By Catherine Reilly - 01st May 2023

obstetrics

Documents have revealed some resistance to full engagement with a HSE obstetric event support team and significant changes to the team’s original remit and modus operandi. Catherine Reilly reports

The roll-out of the HSE’s obstetric event support team (OEST) was strongly resisted by the Dublin maternity hospitals during 2022, according to documents released by the HSE under Freedom of Information law.

The OEST was established in August 2021. It is a “support service” for hospitals following serious adverse events in obstetrics and aims to yield learning for national response, according to the HSE.

“By engaging with the sites immediately following the occurrence of an adverse event the OEST can offer another set of eyes and make suggestions on areas of focus for the review; this offers an assurance of transparency to the family as well as a focused incident review report from the hospital,” outlines the HSE. “Additionally, by engagement with the sites the OEST can offer peer support and counsel to our colleagues on the frontline.”

The OEST does not become directly involved in reviews of adverse incidents, which should be managed in line with the HSE’s Incident Management Framework.

The Minister for Health Stephen Donnelly has described the OEST as providing “objective oversight over a specified list of obstetric clinical incidents” and ensuring all learning can be actioned through national engagement with relevant stakeholders.

However, RCSI Hospital Group, the parent Group for the Rotunda, is declining access to the OEST, while a “compromise” solution has been implemented for the National Maternity Hospital (NMH) and Coombe Women and Infants University Hospital. 

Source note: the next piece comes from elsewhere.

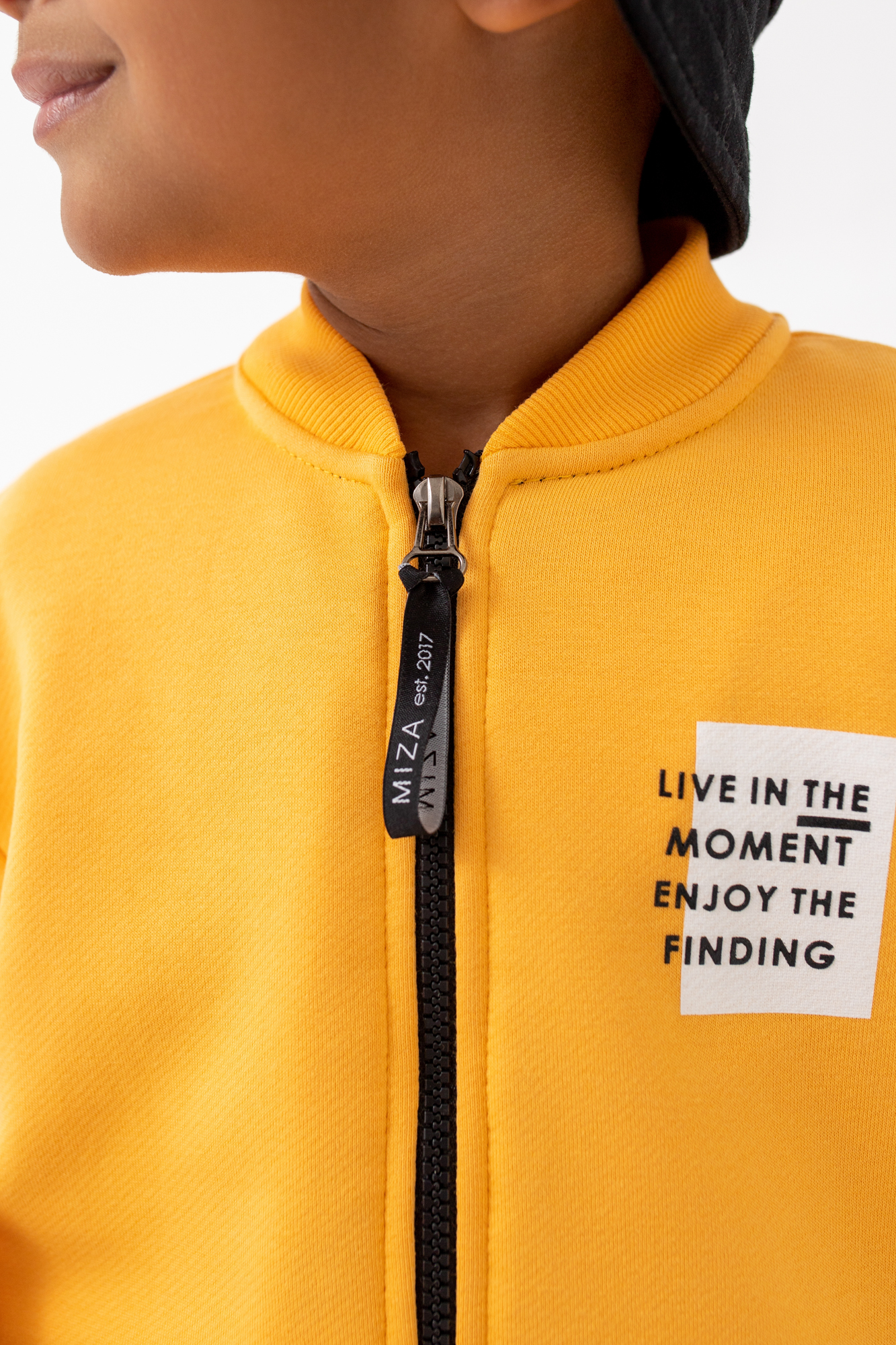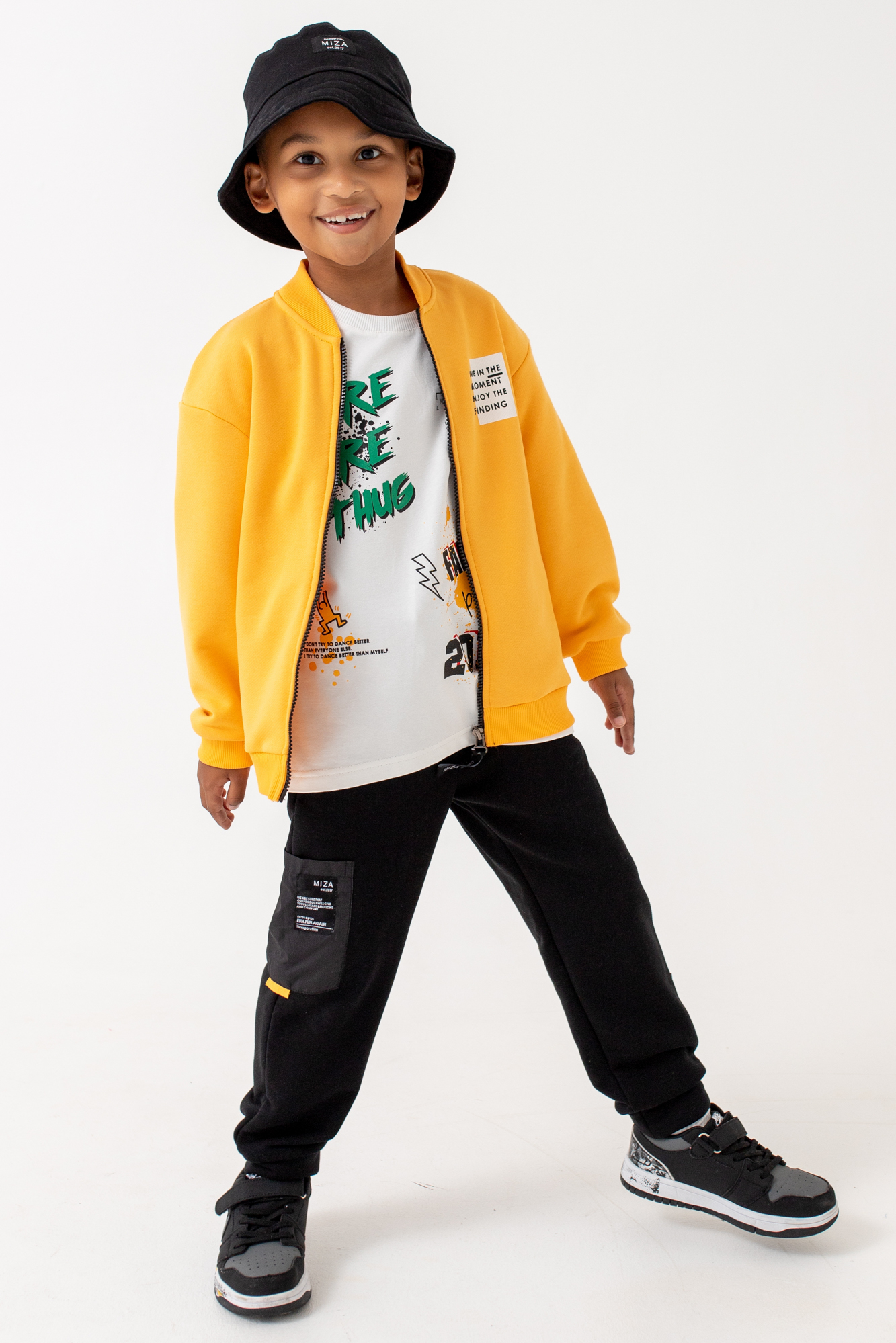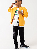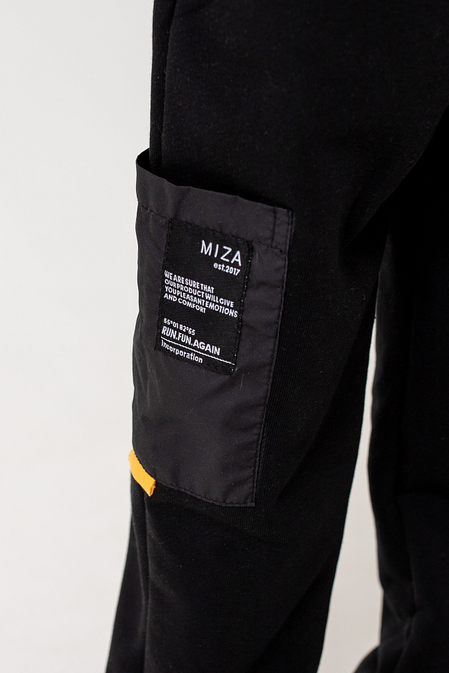 Костюм состоит из бомбера прямого кроя с застежкой на замке-молнии и брюк-джоггеров с накладным карманом.

The three voluntary maternity hospitals receive funding from the HSE under service level agreements (SLAs). Internal HSE records show that Chief Clinical Officer Dr Colm Henry posited the option of amending the SLAs to require cooperation with the OEST.

The OEST’s original remit encompassed four serious adverse events: Maternal death, intrapartum foetal death, early neonatal death, and babies requiring therapeutic hypothermia (TH) (the latter three categories apply to term babies with no life-limiting conditions). However, in early December 2022, the OEST Clinical Lead Dr Peter McKenna informed Dr Henry that maternal death had been removed from the OEST remit due to a replication of reporting requirements on hospitals.

NWIHP

The OEST sits within the HSE’s National Women and Infants Health Programme (NWIHP). The NWIHP was established in January 2017 to develop and strengthen delivery of maternity, gynaecology, and neonatal services nationally. Development funding for services is routed through the NWIHP, which has a pivotal role in supporting implementation of the national maternity strategy. 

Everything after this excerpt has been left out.